WHAT TO DO — Write out the lines below exactly, beginning at the one with "為了遮蓋原有衡梁問題,天花板" and stopping after the one with "وانتشر في باريس"; the pictures are not copied.

***** DATA RECORDS *****

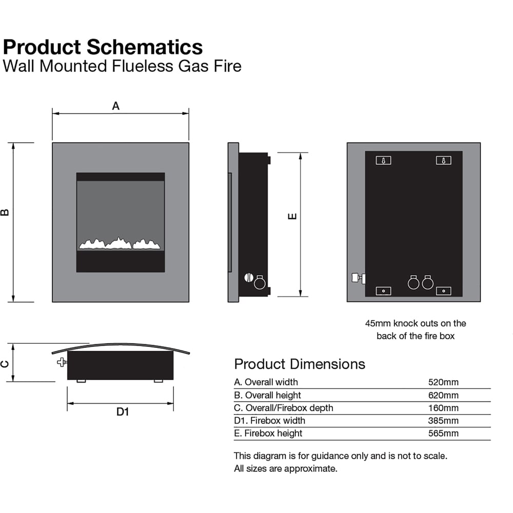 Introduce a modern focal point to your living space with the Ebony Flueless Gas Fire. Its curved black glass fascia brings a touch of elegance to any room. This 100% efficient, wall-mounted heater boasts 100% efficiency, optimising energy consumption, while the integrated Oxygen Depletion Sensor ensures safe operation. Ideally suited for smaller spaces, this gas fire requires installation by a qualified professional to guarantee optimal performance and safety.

*****
***** DATA RECORDS *****

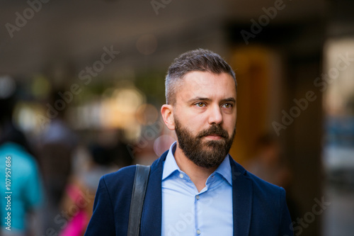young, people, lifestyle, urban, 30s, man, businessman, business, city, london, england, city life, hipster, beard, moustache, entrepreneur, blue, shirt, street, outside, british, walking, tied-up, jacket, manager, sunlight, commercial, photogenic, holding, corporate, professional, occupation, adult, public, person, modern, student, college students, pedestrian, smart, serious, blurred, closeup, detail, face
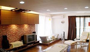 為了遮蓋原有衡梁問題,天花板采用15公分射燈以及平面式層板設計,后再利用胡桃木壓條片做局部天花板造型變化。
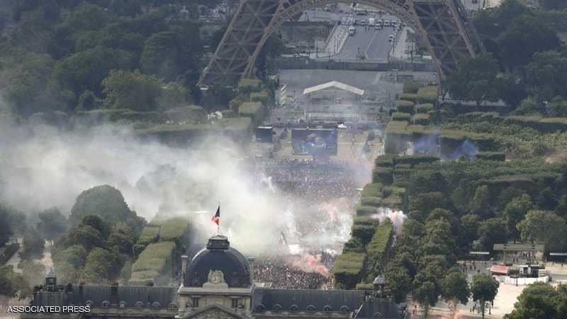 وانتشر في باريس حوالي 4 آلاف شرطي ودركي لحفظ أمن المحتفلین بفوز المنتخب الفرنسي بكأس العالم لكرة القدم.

*****

SOLUTION BELOW —
 為了遮蓋原有衡梁問題,天花板采用15公分射燈以及平面式層板設計,后再利用胡桃木壓條片做局部天花板造型變化。
 وانتشر في باريس حوالي 4 آلاف شرطي ودركي لحفظ أمن المحتفلین بفوز المنتخب الفرنسي بكأس العالم لكرة القدم.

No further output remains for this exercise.